Operator, we're now ready to take a limited number of questions, pertaining to the matters discussed on this call and our 10-Q. Remember, we're unable to discuss any information or business plans which are not publicly available.

Question-and-Answer Session

Operator

[Operator Instructions] Our first question comes from Michael Hoffman with Wunderlich.

Michael E. Hoffman - Wunderlich Securities Inc., Research Division

Just a little housekeeping, so I got all the right numbers, the $0.25 to $0.30, does that include the $1.85 million noncash adjustment?

Christopher Carlson

Yes.

Michael E. Hoffman - Wunderlich Securities Inc., Research Division

Okay. And that -- would that -- if I get the calculation right, that's about $0.10 in the second quarter?

Christopher Carlson

Yes, that's correct.

Michael E. Hoffman - Wunderlich Securities Inc., Research Division

Okay. And then with regards to the business outlook, so the -- you mentioned several things in your presentation. You've been enjoying better cost of goods sold because you're acquiring feedstock at a lower price. Where does that trend at this point? Has it -- it's come down and stabilized or is it continuing to come down?

Benjamin P. Cowart

No, I would say that year-over-year, and Chris, you have the details, but our costs for feedstock across the board is much lower than it was last year.
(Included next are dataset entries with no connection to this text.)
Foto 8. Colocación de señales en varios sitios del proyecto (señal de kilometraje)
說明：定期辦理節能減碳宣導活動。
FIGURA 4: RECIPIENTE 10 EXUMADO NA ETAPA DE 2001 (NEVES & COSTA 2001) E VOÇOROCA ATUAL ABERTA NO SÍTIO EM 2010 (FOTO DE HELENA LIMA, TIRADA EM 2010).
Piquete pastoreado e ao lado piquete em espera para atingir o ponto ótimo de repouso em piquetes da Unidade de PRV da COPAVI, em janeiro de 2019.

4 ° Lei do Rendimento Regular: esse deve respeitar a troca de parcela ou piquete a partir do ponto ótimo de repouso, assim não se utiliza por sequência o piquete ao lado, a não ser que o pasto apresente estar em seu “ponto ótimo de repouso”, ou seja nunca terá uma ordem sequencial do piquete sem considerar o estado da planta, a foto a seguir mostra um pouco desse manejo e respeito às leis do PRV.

Now the negative balance to that is that our sale prices come down as well. The index that we sell our finished products into is down about 14% year-over-year.
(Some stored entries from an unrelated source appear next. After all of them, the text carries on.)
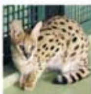
▲成獣で体長70〜100cm、体重8〜18kgとスリムです

南 アフリカ共和国から推定4歳のサーバルキヤットの娘がやって来ました。サーバルキヤットはアフリカのサバンナの水辺に生息する、足が長く耳が大きいネコ科動物。すごいのはそのジャンプ力で、3mほど飛び上がり、飛んでいる鳥をとることもあるのだとか。そのジャンプを円山でも見せてくれるといいね!
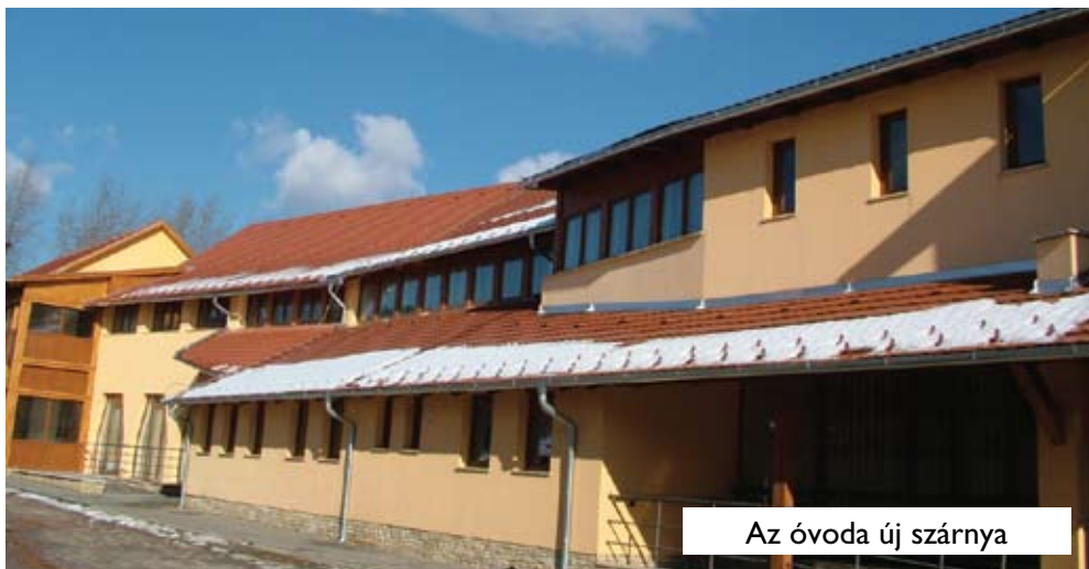
Az óvoda új szárnya

Laboda Gábor: Természetesen! A 2009-re elfogadott költségvetésünk 1 milliárdot meghaladó nagyságrendű bevétellel, és ugyanilyen nagyságrendű kiadással számol.
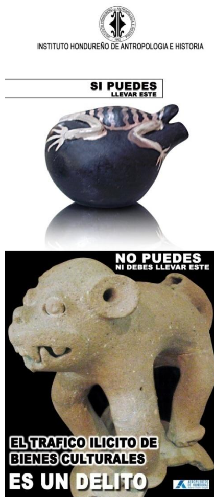
Figuras 4 y 5. Afiches para promover sensibilización en la lucha contra el tráfico ilícito de bienes patrimoniales.
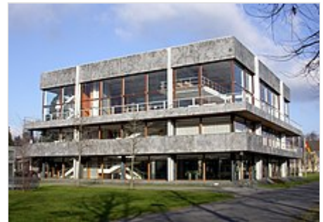
Edificio del Tribunal Constitucional Federal de Alemania en Karlsruhe

Algunos países siguen el modelo austríaco que contempla un tribunal constitucional, mientras otros siguen el modelo estadounidense de una corte suprema que ejerce las funciones de un tribunal constitucional. Así, no es inusual, como en ciertos Estados iberoamericanos , que el control de la constitucionalidad se encuentre compartido entre el tribunal constitucional y la corte suprema.
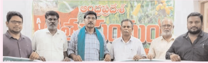
ప్రజా భూమి ప్రతినిధి-ఏలూరు

-రైతు సంఘం రాష్ట్ర మహాసభల ప్రవార క్లాత్ బ్యానర్ల అవిష్కరణ
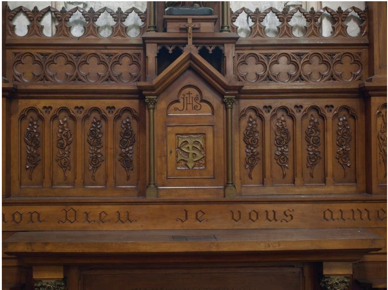
Retable et tabernacle
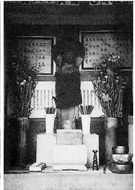
▲自発的に守り続けているお地蔵さま

戦になった。女子どもは疎開し、男は応召して町に人が少なかった。父は毎日警防団、姉と私でどうにかご飯を作ってた。同い年で志願して幼年学校に入った子もいました。霞ヶ浦の海軍幼年学校なんて七つボタンで憧れでしたけどね。行った人は十代で亡くなってますね。こっちは中学生で、尾久の駅前にあった飛行機に塗るペンキの会社に勤労働員で行ってました。そこが空襲で焼けたあとは、焼け野原の片づけです。ヘンな時代ですよ。男と女は手をつないじゃいけない。ネクタイ、タオル、サンダルなんて言っちゃいけない。三月四日は雪の降りそうな日でした。鉛色の空で九時ごろウーウーと空襲警報が鳴ったままやまない。谷中小学校の屋上に海軍が警備に来てて、海軍が来るようじゃ終わりだね、と言ってました。上野の山は高射砲の陣地でしたが、いくら撃っても当たらない。敵さんは千駄木のほうから須藤公園を越え、谷中・上野へ向けて飛んできた。かなり低空で来ましたから、爆弾が斜めに落ちて、土も柔らかいものだから穴だけあいて、爆裂せずに不発になるのもあった。私はよみせ通りにあった初音町交番のお巡りさんと一緒に交番の後ろの防空壕に入ったんです。
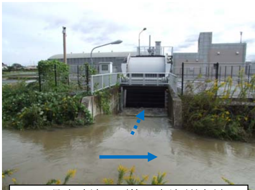
18号水路流入 (第2立坑(外部))
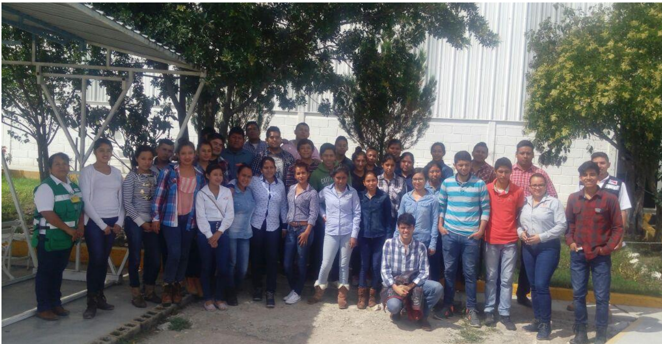
Alumnos de Ingeniería Industrial Tamuín, fuente archivo.

Michael E. Hoffman - Wunderlich Securities Inc., Research Division

And on a relative basis, today, as you look into the second half, are we -- it's down and stable or down and continuing to fall, both of them, both of the cost of goods sold and the sale price?

Benjamin P. Cowart

Yes, I think we're seeing a slight continued fall in our feedstock costs and we're starting to see a lift in our sale price of finished products being sold. So we're getting a slight continued improvement on the raw material, while we're getting lift both from oil prices and actual margins on our sale price. So that is improving. Second quarter was a little bit challenging on the sell side, and we're seeing that make a turn.

Michael E. Hoffman - Wunderlich Securities Inc., Research Division

Okay. And then would you describe any particular seasonality between the 2 quarters in the second half?

Benjamin P. Cowart

Yes, there is some seasonality. The way we've sold our finished product in the past, our buyers have typically smoothed out those market conditions to where we really didn't see that take place. And today, we're really looking to make sure we're capturing all the margin on the sell side for the company. And so we're more in the market selling to multiple buyers. And so we will have a little bit more feel of the season under that sales model compared to just selling all to one customer. So we -- second quarter is typically a soft quarter for the sales of TCEP products, and then it starts to firm up in the fourth and first quarter. Third quarter is kind of a not bad, not great. But as it gets cold, there's more residual fuel being blended for heat, and there's more demand for our product, obviously, as diesel replacement cutter stock in those residual fuel blends.

Michael E. Hoffman - Wunderlich Securities Inc., Research Division

Okay, that's very helpful. And then last question for me, the nickel difference, $0.25 to $0.30, what has to happen to get that nickel? Is it just cost or is it both cost and revenue?

Christopher Carlson

It's a combination of both cost and revenue, which again, we're looking at volume as well. We're expecting continued volume improvement.

Operator

Our next question comes from Jan Bennett (sic) [Chad Bennett] with Craig Hallum.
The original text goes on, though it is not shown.